[DATA FOR THE TASK]

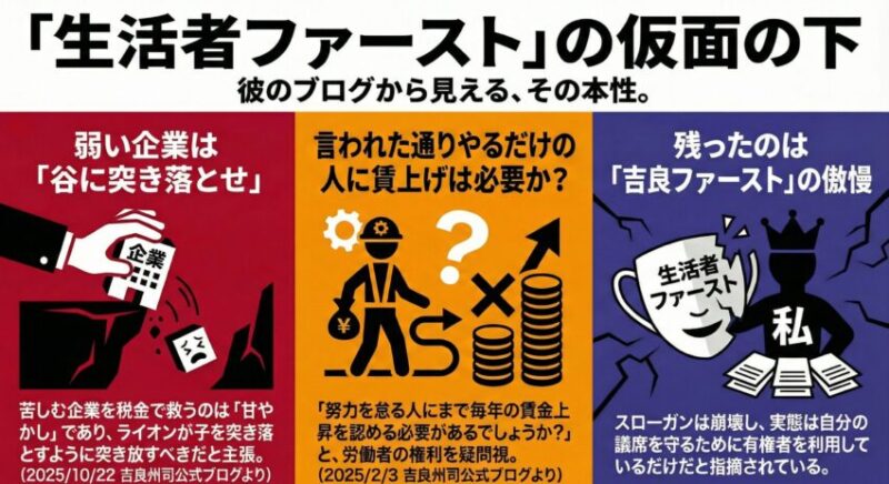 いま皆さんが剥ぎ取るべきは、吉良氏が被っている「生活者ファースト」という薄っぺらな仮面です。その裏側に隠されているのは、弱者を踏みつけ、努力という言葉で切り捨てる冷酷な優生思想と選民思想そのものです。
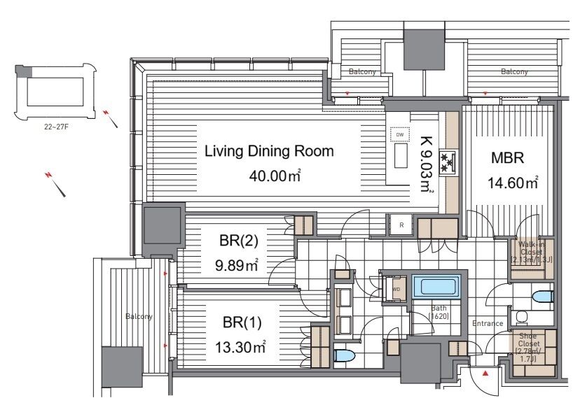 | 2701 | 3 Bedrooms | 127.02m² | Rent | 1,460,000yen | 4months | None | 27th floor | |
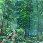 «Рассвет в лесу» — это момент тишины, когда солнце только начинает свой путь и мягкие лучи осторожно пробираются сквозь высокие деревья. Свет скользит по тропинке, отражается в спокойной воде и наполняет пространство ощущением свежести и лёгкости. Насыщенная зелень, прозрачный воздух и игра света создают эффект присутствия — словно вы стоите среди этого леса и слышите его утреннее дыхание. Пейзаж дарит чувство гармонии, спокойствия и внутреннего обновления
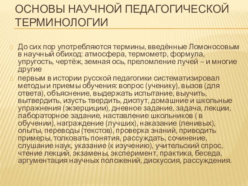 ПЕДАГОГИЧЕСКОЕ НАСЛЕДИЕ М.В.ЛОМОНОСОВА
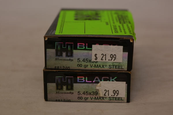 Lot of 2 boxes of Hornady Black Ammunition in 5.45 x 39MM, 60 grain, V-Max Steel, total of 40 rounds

[/DATA FOR THE TASK]

*YOUR OBJECTIVE*
Output exactly the lines from the line containing "и внутреннего обновления" through the last line of the records, both included, and leave out every picture.

*ANSWER BELOW*
 «Рассвет в лесу» — это момент тишины, когда солнце только начинает свой путь и мягкие лучи осторожно пробираются сквозь высокие деревья. Свет скользит по тропинке, отражается в спокойной воде и наполняет пространство ощущением свежести и лёгкости. Насыщенная зелень, прозрачный воздух и игра света создают эффект присутствия — словно вы стоите среди этого леса и слышите его утреннее дыхание. Пейзаж дарит чувство гармонии, спокойствия и внутреннего обновления
 ПЕДАГОГИЧЕСКОЕ НАСЛЕДИЕ М.В.ЛОМОНОСОВА
 Lot of 2 boxes of Hornady Black Ammunition in 5.45 x 39MM, 60 grain, V-Max Steel, total of 40 rounds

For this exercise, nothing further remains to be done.